From: Philippe Verdy (verdy_p@wanadoo.fr)
Date: Sun Aug 01 2010 - 13:54:49 CDT
Implicit weights for unassigned code points and other characters that
are NOT ill-formed are suboptimal, as noted in the proposed update.
It should take into account their existing default properties, notably :
> 1. Code units exceeding the valid range for code points with scalar values (such as 0x110000 or 0xFFFFFFFF, when handling invalid UTF-32), if they are not handled as errors for collation.
> 2. Code points with valid scalar values that are permanently assigned to non-characters, if they are not handled as errors for collation:
> > 2.1. surrogates; or:
> > 2.2. others scalar values (such as U+FFFF).

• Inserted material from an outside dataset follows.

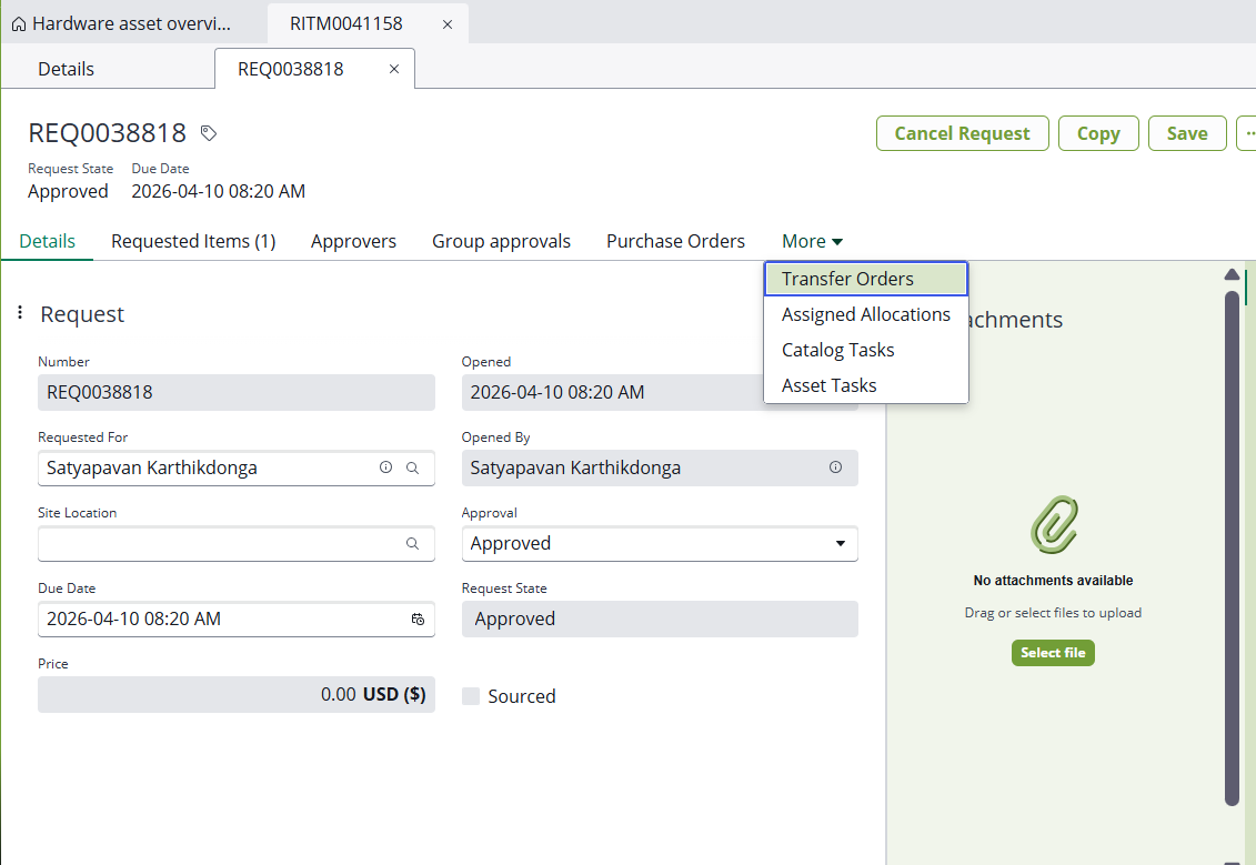 Are your requests visible under Asset Operations -> Procurement -> Requests?

> 3. Their presence in a block or plane assigned to Sinographs ("Unified Ideographs"), either:
> > 3.1. Unassigned code points that are in allocated "Core" Sinographs blocks (currently, "CJK compatibility" or "CJK unified", all in the BMP), or:
> > 3.2. Unassigned code points that are in allocated "Other" Sinographs blocks or planes (currently, "CJK Unified Ideographs Extension A" in the BMP, and all reserved code points in the SIP).
> 4. Unassigned code points that are assigned to "Special" character (notably in the supplementary special plane (SSP) starting at U+E0000).
> 5. Unassigned code points that are in allocated blocks for non-Sinographs, non-Special, and with default RTL directionality (in the BMP or SMP).
> 6. Unassigned code points that are in allocated blocks for non-Sinographs, non-Special, and with default LTR directionality (in the BMP or SMP).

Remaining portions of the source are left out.